# WHAT TO DO
Everything from the line with "Regency 72 in." through the final line of the listing below must be retyped exactly, apart from the pictures.

[[ STORED DATA, beginning ]]

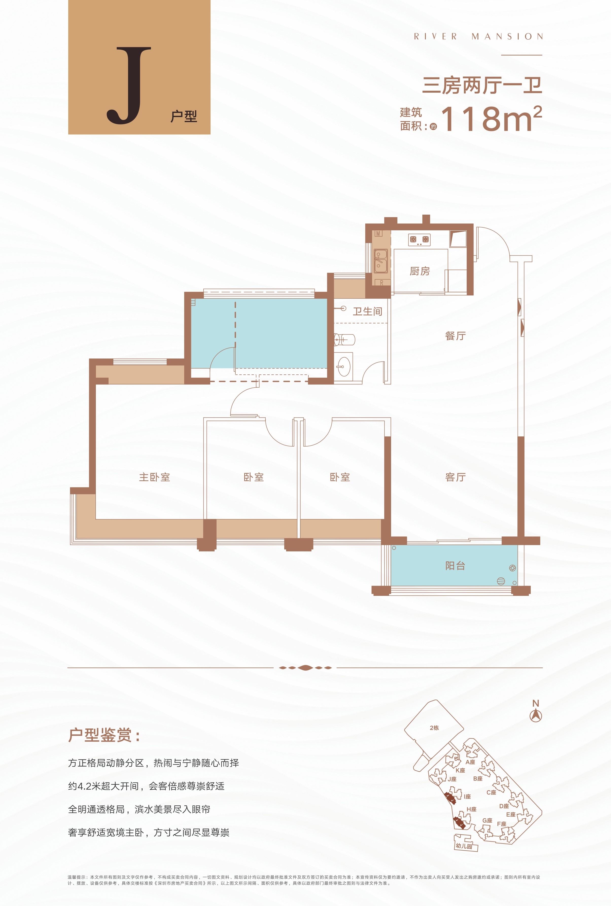 容积率低至 3.36,绿化率高达 40%,享超万方空中园林,外瞰滨河市政公园、河岸休闲景观,尽享舒 适安逸生活。采用围合式布局,最大程度的保障了产品的通风采光,视野景观舒适度最大化。全房飘窗设计,房间通风采光俱佳,充分利用自然风,大大提高了居住舒适度。 全房飘窗、户型方正,空间利用率高;双阳台设计,空间更灵活;动静分区,科学动线规划,居住更舒适。
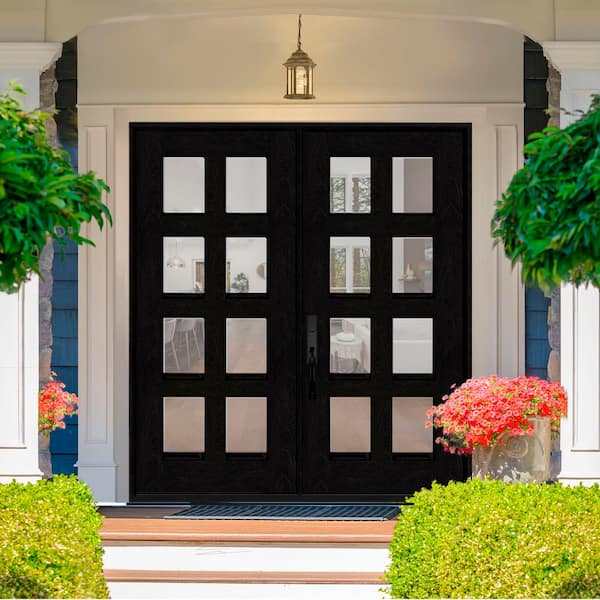 Regency 72 in. x 80 in. 8L Modern Clear Glass RHIS Onyx Stained Fiberglass Double Prehung Front Door with 6 in. Jamb
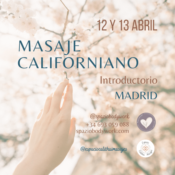 MASAJE CALIFORNIANO NIVEL INTERMEDIO Continuamos desplegando la Formación de Masaje Californiano del Institute Bodywork. Durante esta travesía de 4 fines de semana daremos un pasito más para zambullirnos en la experiencia de cómo el universo cabe en lo más pequeño. Los opuestos abrazándose. Este nivel se caracteriza por llevar la atención al foco, precisión, definición y detalle: desarrollando un trabajo en los tejidos más … Sigue leyendo ABRIL: MASAJE CALIFORNIANO Formación Intermedia

[[ STORED DATA, end ]]

# TASK RESULT
 Regency 72 in. x 80 in. 8L Modern Clear Glass RHIS Onyx Stained Fiberglass Double Prehung Front Door with 6 in. Jamb
 MASAJE CALIFORNIANO NIVEL INTERMEDIO Continuamos desplegando la Formación de Masaje Californiano del Institute Bodywork. Durante esta travesía de 4 fines de semana daremos un pasito más para zambullirnos en la experiencia de cómo el universo cabe en lo más pequeño. Los opuestos abrazándose. Este nivel se caracteriza por llevar la atención al foco, precisión, definición y detalle: desarrollando un trabajo en los tejidos más … Sigue leyendo ABRIL: MASAJE CALIFORNIANO Formación Intermedia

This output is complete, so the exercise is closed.